Sunday, October 28, 2007

BUS STORY # 64 (The Security Guard)








Two of us get off the Rapid Ride and walk around the corner to catch the Lomas outbound. Like me, he’s a regular rider. I know this not because I’ve seen him before – I haven’t – but because he’s got an umbrella. We both do, and they’re open against the light rain falling this late monsoon season afternoon.

We both pull up at the bench. He steps out into the pull-in and looks westward. Then he steps back up to the sidewalk.

“Sometimes it’s right here, and sometimes it’s a 20-minute wait,” he tells me.

“We must have just missed it,” I reply.

He asks me where I work. I tell him. I ask him where he works.

“PNM,” he says. That’s Public Service Company of New Mexico, our statewide power utility. “I’m a security guard there.”

He pulls up his polo shirt to reveal a chalk green uniform shirt with a gold badge. I notice the brown pants with the narrow stripe down one side.

“I wear this over my shirt because sometimes the drivers will see my uniform and ask me to go settle somebody down who’s gotten a little rowdy. I’ve done it once or twice, but, you know, it’s not my job. I’m off work, you know? They should hire someone to do that job.”

I agree. I tell him it’s not just wrong, but it’s potentially dangerous to him. I’m not just thinking of random provocation and the unforeseen violent backlash. I’m also thinking he does not look like a security guard. He looks like someone’s nice little brother. He’s all of five-six, compact but not exactly buff, and he has a pleasant, easy-going face. On his head is a cap – not with a PNM or security logo, but with, of all things, a smiling cartoon turtle.

Perhaps he’s reading my thoughts.

“The key to avoiding trouble is all in your approach, you know? I mean, usually you can approach someone and just explain that they’re bothering some older folks up front and would they mind just toning it down a little. They usually just don’t realize how loud they are, and you usually get a ‘Oh, right, that’s cool, man,’ and that’s it.”

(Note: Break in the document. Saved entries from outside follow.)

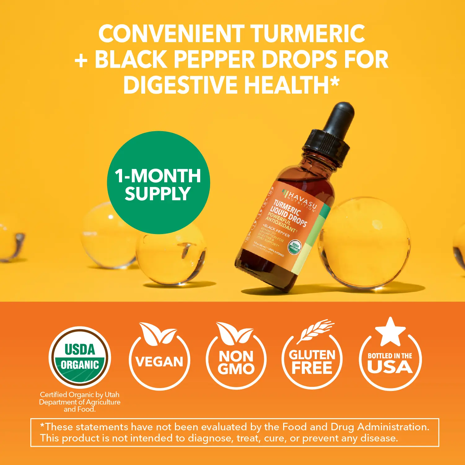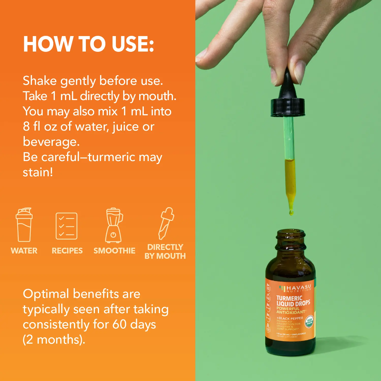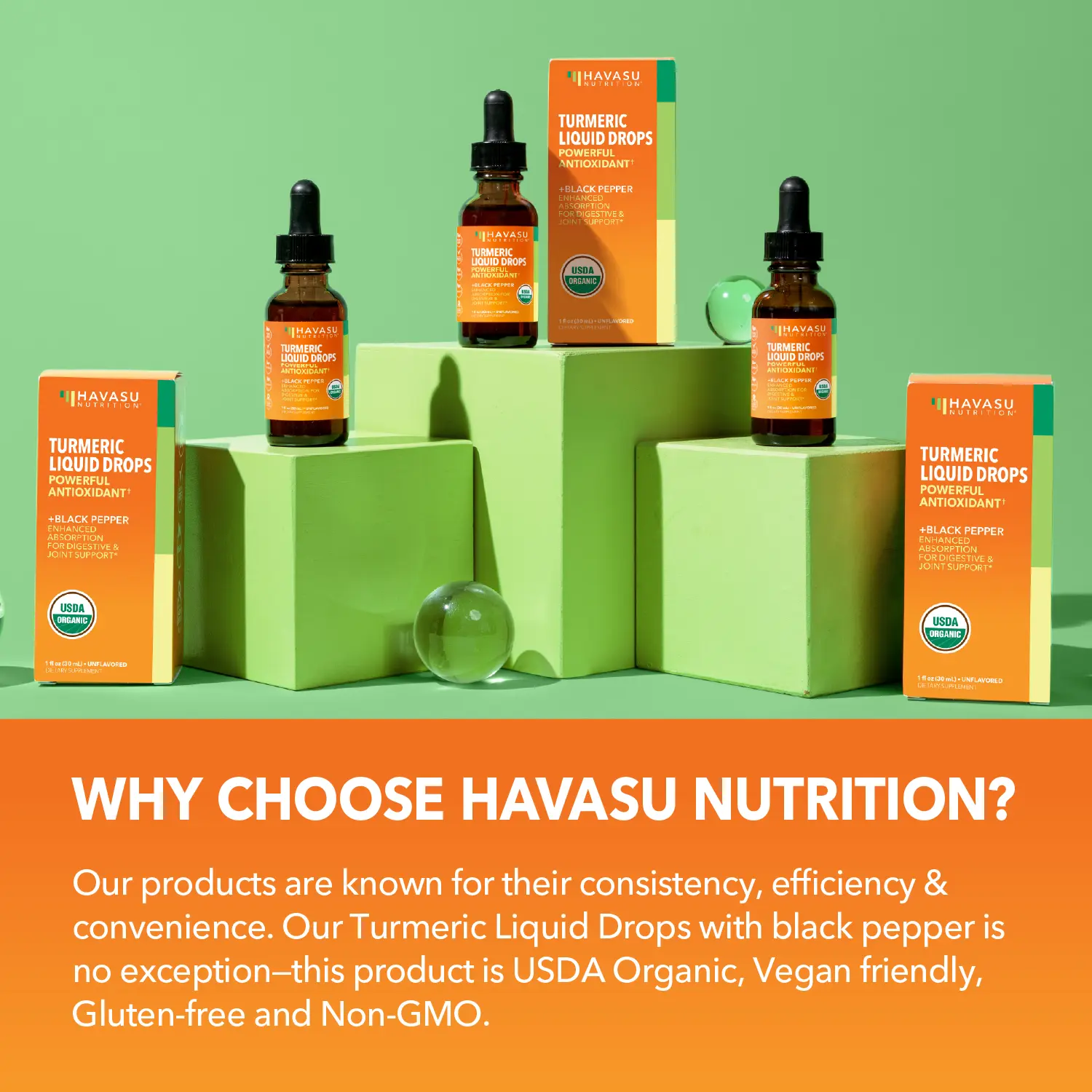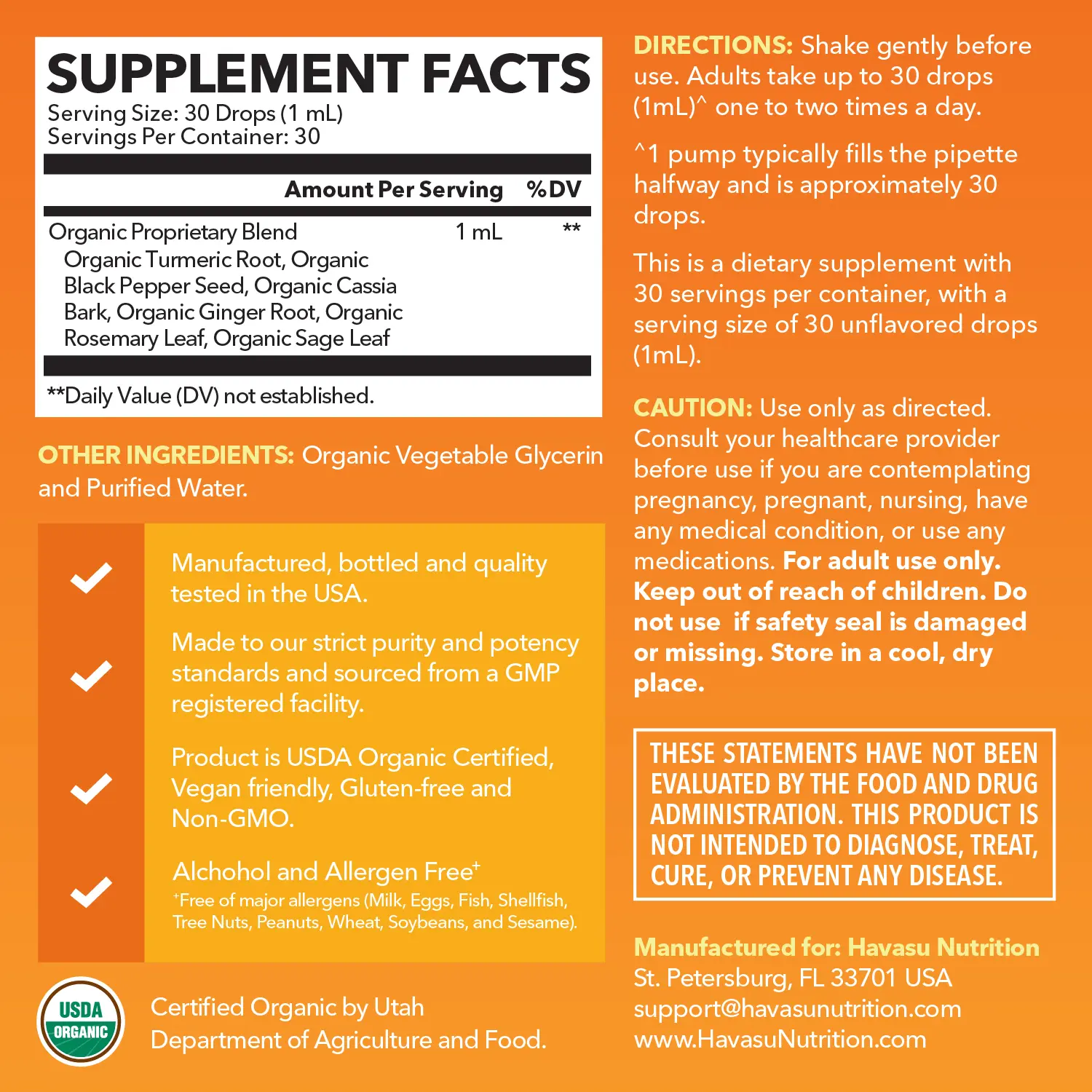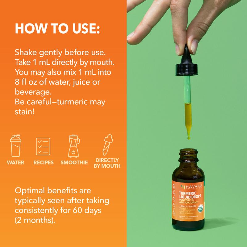 ·USDA Organic Turmeric + Black Pepper Liquid: Havasu Nutrition is a USDA Organic Turmeric Liquid associated with a powerful antioxidant and irritative properties. Lucky for you Havasu contains natural and organic ingredients!
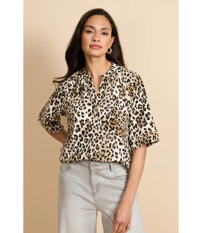 De Penelope top is een stijlvolle blikvanger met een tijdloze panterprint. Het model heeft een ronde hals met een subtiele V-inkeping en een losvallende pasvorm die soepel om het lichaam valt. De halflange mouwen met lichte volume geven de top een moderne en vrouwelijke uitstraling. Perfect om te combineren met een jeans of nette broek voor een krachtige, eigentijdse look.
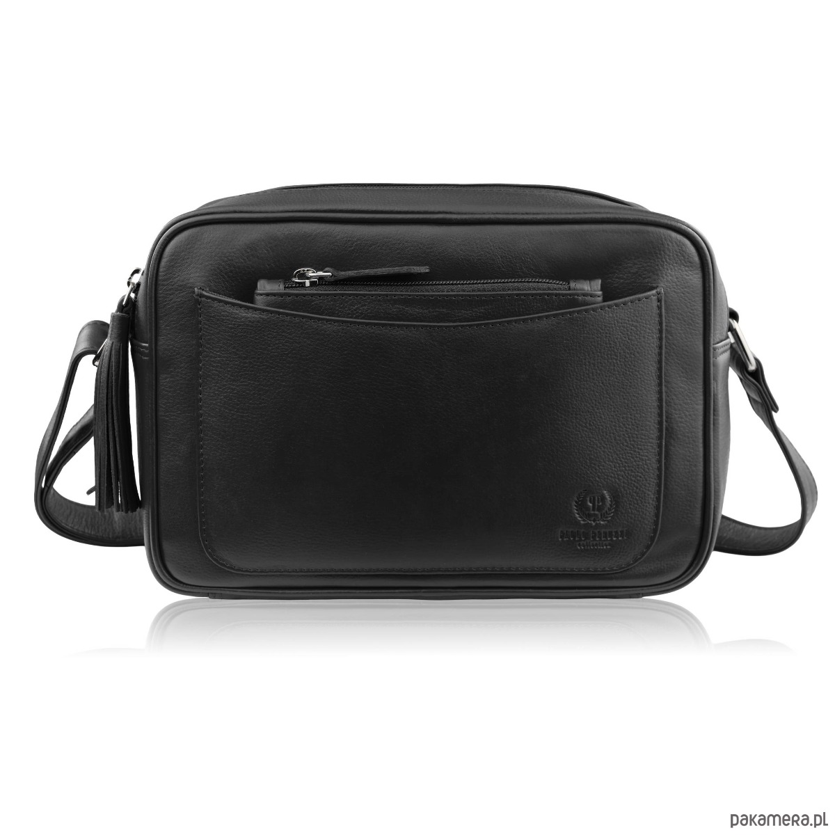 Torebka damska skórzana na ramię czarna mała z etui Paolo Peruzzi AY-20-BL

He looks westward again, then continues.

“Some guards just have the wrong attitude. It’s like they’re actually looking for a confrontation. I tell ‘em, ‘You want to de-escalate, you want to bring it down.’ Sometimes that doesn’t work. I don’t go looking for trouble, but I don’t back off if someone wants to kick my ass, either. It’s all in your attitude. I kind of puff myself up and I tell ‘em, ‘Look, I was born and raised in St Louis in an Italian neighborhood, and we were surrounded by’ – here’s where you put in whatever your trouble maker is – black, Irish – I’m really Irish-French myself – whatever, ‘and we grew up fighting each other all the time, so I know how to take care of myself. You don’t really want to mess with me, and I don’t really want to mess with you. Besides, if you did mess with me, my neighborhood is all family, and if anything happened to me, they’d come looking for you, and they’d find you, and you really don’t want to be dealing with these people.

I find myself wondering how inserting “Native American” in his “surrounded by” in St. Louis would play.

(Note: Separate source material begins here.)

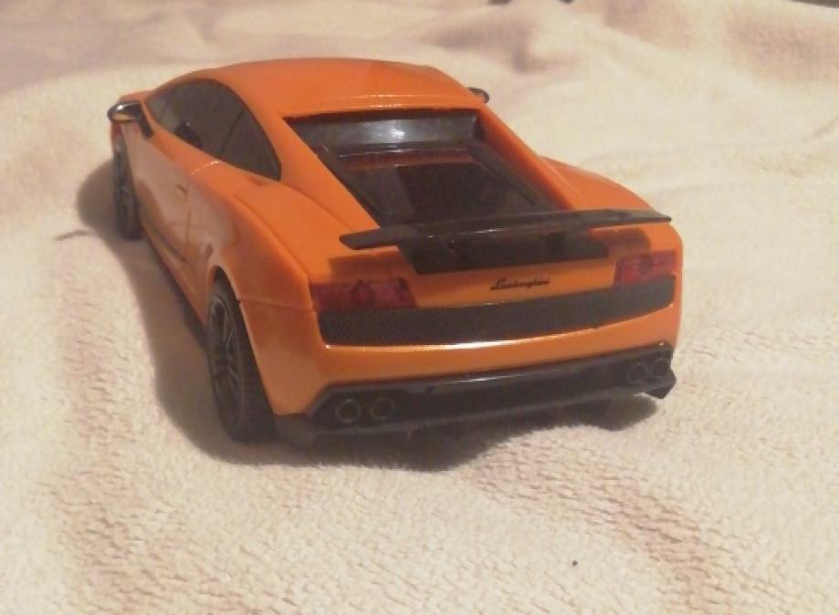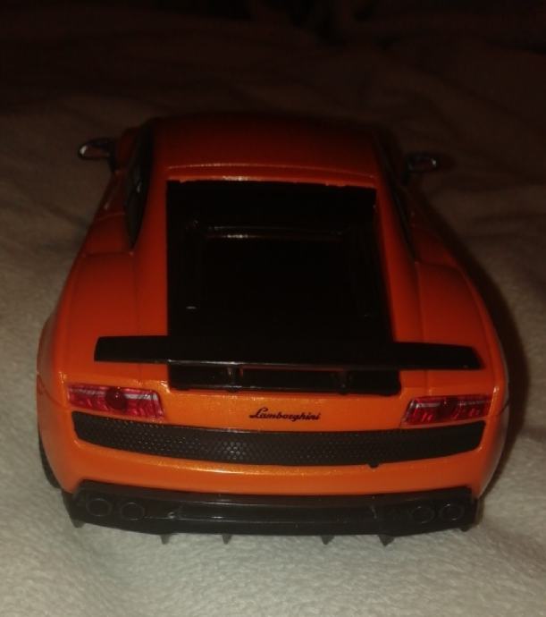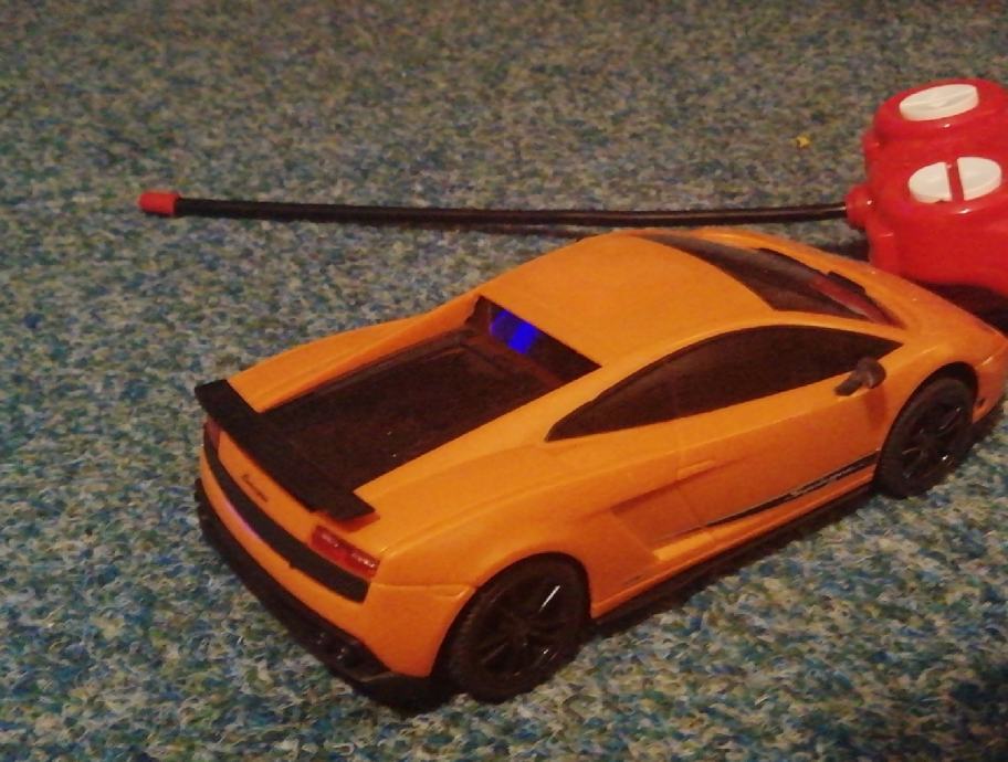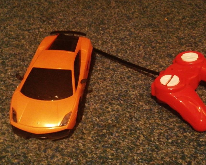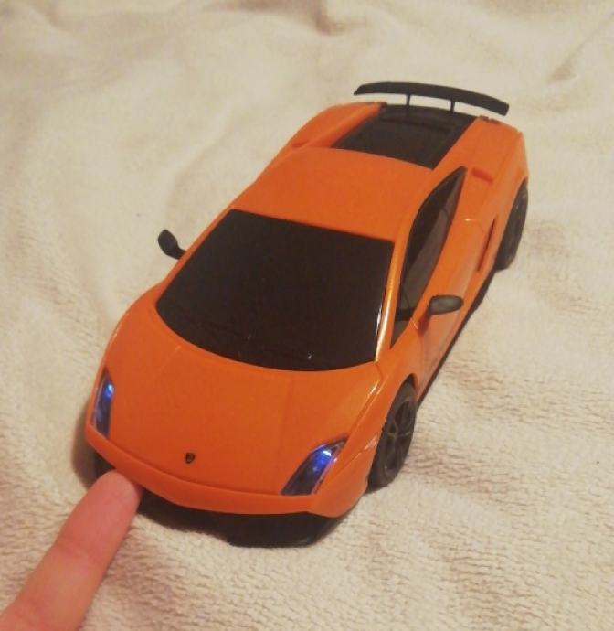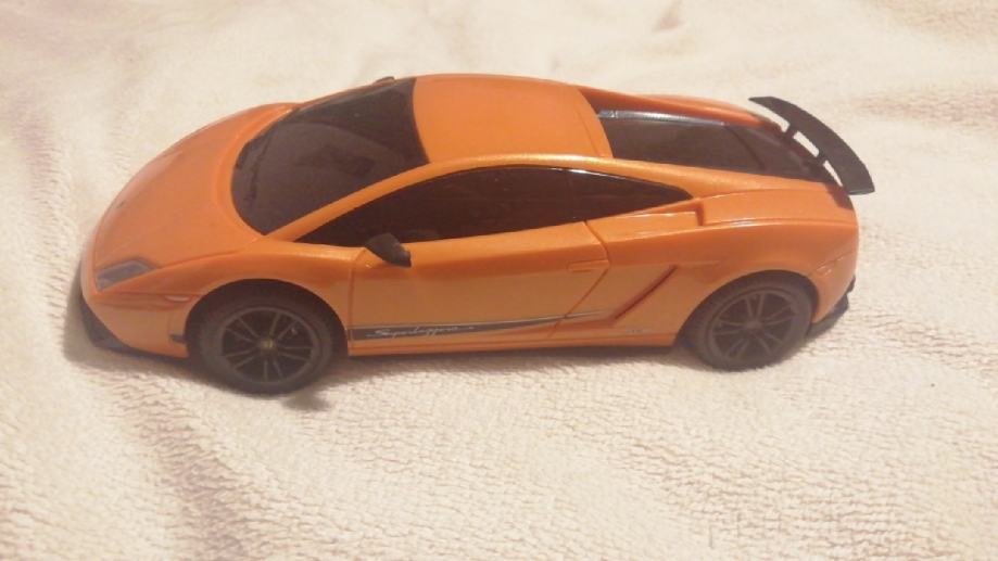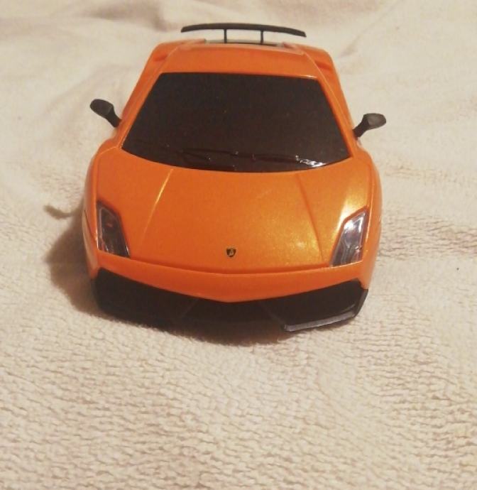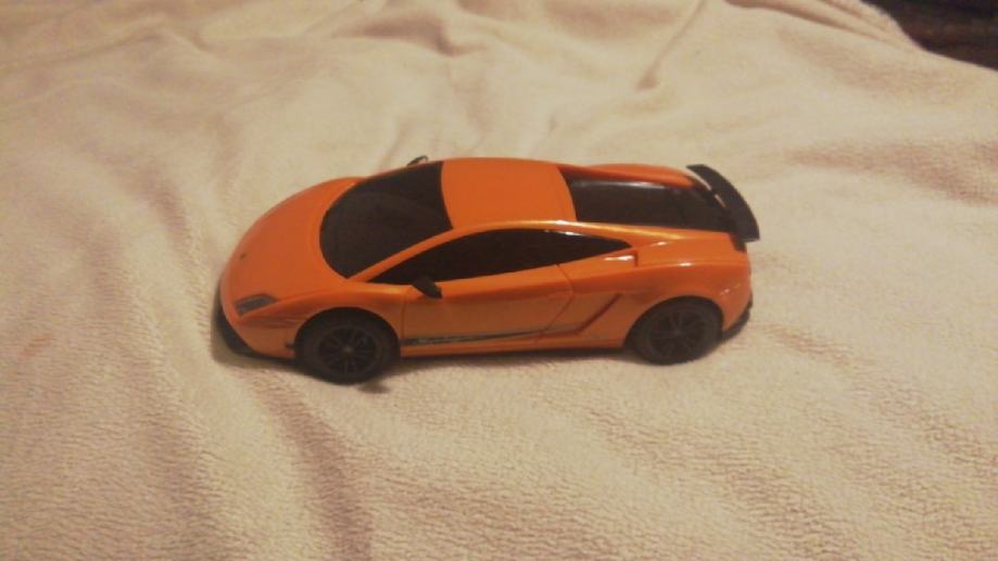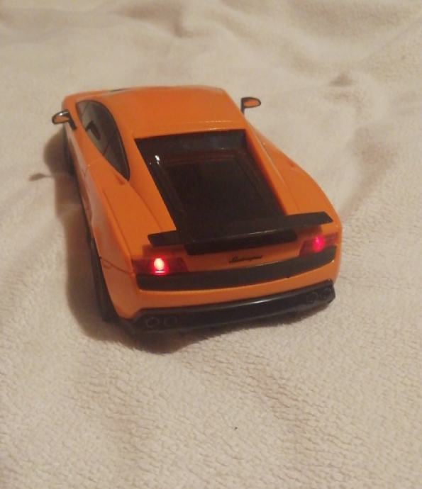 Samo isproban da li radi. Obzirom na mali prostor, nema se di voziti.. Kutiju smo bacili. Svjetla svjetle kad se vozi.Ide naprijed , nazad i lijevo, desno. Baterije su i u auticu i daljinskom. Dimenzije 18x8cm,boja perla narancasta sa crnim. Lamborghini superleggera Nedostatak je da se vide po crnim dijelovima I na krovu crte, kao da je ogreben. Takav je dobiven!

“So did you learn this sort of thing in training school?”

“No, I picked it up here and there. I started in the military. But in the military, they don’t worry about the niceties and all the cultural sensitivity stuff. It’s a lot different out here.” He chuckles, shakes his head. “No sireee.”

The bus arrives. We board, choose separate seats. He immediately engages with his seatmate. You’d never take him for a security guard. I wonder if maybe this is the real secret of his success.